Ace’s Tenacious Bride (Matchmaker’s Mix-Up Book 13)

Written by Kimberly Grist
Review by Laura C. Stevenson

1870. In the prologue, a romping cat creates chaos of the carefully organized newspaper ads and letters of a respected Chicago matchmaker. Her granddaughter, not wanting to disappoint the clients, vows to make the matches. Unfortunately, she can’t find the questionnaires in which the clients have expressed their hopes, so she combines couples without evidence. And so it is that Mercy Fairchild, a Georgia preacher’s daughter who has requested a pastor husband, arrives in a small Texas town to marry the widower Ace Caldwell, a cigar-smoking, card-playing railroad detective who needs someone to raise his children. Previously, the three children (ages 8, 6, and 4) have behaved so badly that none of Ace’s housekeepers has lasted longer than a week. His brother-in-law, the sheriff, who has to put the kids in a jail cell to keep them out of trouble, has begged him to try a mail-order bride, because she won’t be able to leave. It’s hardly a match made in heaven, but thanks to Mercy’s patience with the children, her refusal to be husband’s doormat, and Ace’s soft side, the adversity resulting from the mismatch slowly draws the couple closer to God and each other.

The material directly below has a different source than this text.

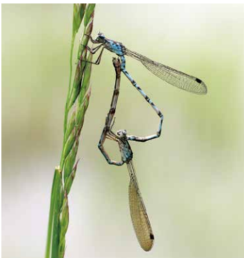
ホソミオツネントンボ

今回は、冬に見られる珍しいトンボを紹介します。その名もオツネントンボ。漢字では「越冬蜻蛉」と書きます。ほとんどのトンボは卵や幼虫(ヤゴ)で冬を越しますが、オツネントンボは成虫のまま冬を越します。寒さに強く、少しくらい雪に埋もれてもへっちゃらです。 体長は4cm程の小さなトンボで、色は淡い褐色をしています。小枝にそっくりで、じっとしていると見つけるのに苦労します。よく似た種類に、ホソミオツネントンボがありますが、こちらは成熟すると美しい空色に変わります。2種類とも、春の田

This Christian historical romance more than fulfills Grist’s goal, which her website says is to “combine history, humor and romance with an emphasis on faith, friends, and good clean fun.” Its historical aspect touches not only upon Western train robberies but also, with skillful nuance, upon the link between Mercy’s wonder at having decent ingredients to cook with and her upbringing in a family impoverished by Sherman’s march through Georgia. The children’s characters are well-drawn, and Ace’s frustrated love for them is convincing. Throughout, the humor is genuine, and the matchmaker’s mix-up lends itself well to its moral: that God’s wisdom is greater than man’s.